On 12/23/2022 at 9:59 PM, Michael Kaiser said:
I'm interested in the performance to decide if it's worth writing faster math functions or just using it.
All day long: It's better and faster to just write faster math functions. All day and in ever way.
But wait! Now I'll completely contradict myself! The reason for this isn't because the math functions are inefficient or slow, it's just that they're generic. As such, it's also a waste of time to try to write a "better math library..." as it will have the same problem of being generic and slow.
What you do is write the math out as much as possible in the first place. Here's an example: Say you have a bunch of on screen things that start from an x,y pixel offset to a base address, as you would have with, say, an X16 app using bitmap graphics to draw stuff. The math is trivial when expressed in C : EffectiveAddr = BaseAddr + (X + (Y *320)) If Base Address is ... say: 0x00000 (The very start of VRAM) and the mode is 320*240, you would be using that calculation everywhere. If you were coding in C, you might just express it as that simple equation all over instead of trying to optimize it. That's a trap of using C, it's so easy to just slap down crazy complicated math, you never stop to think if you could just eliminate the math in the first place.
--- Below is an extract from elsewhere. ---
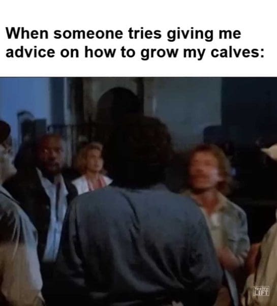 When someone tries giving me advice on how to grow my calves

But wait. What if you never change the mode, and as such never change the number of pixels on a row, and also put them in the same x and y location? Well heck, you need almost no math routines at all then. You can just let the compiler do it with:
offset_address = 168+(204*320)
That just creates a constant that represents a 24 bit number that is the calculated address offset for that feature. In code, you can then use three macros to set the base address, add the offset, then apply that to the VERA registers and VERA address / stride. Like this:
mem_SET_IMM_24 VRAM_bitmap, ZP24_R0
math_ADD_IMM_24 offset_address, ZP24_R0
vera_SET_VRAM_ADDR ZP24_R0, 0, $10 ;Addr0, stride 1
As you can see, I'm a big fan of macros. And I'm a fan of simply NOT DOING math I can just avoid completely. The only math in there is a 24 bit add of the offset into the zero page 24 bit temp storage. And if I wanted to... I could have just rolled the offset into the mem_SET macro by adding it to the IMM param: (VRAM_bitmap+(168+(204*320))
So yeah... make ca65 do the math, or store a pre calculated lookup table in a file and just load it. Make a tool in C that stores the table and is never even IN the x16 app.
But when there's no way around it? Then you use a math routine tuned to the exact data sizes you need in assembler. You can START with generic routines to get it to work, then as refactor the code or see that it needs optimization, "eliminate the math" to simplify the routine.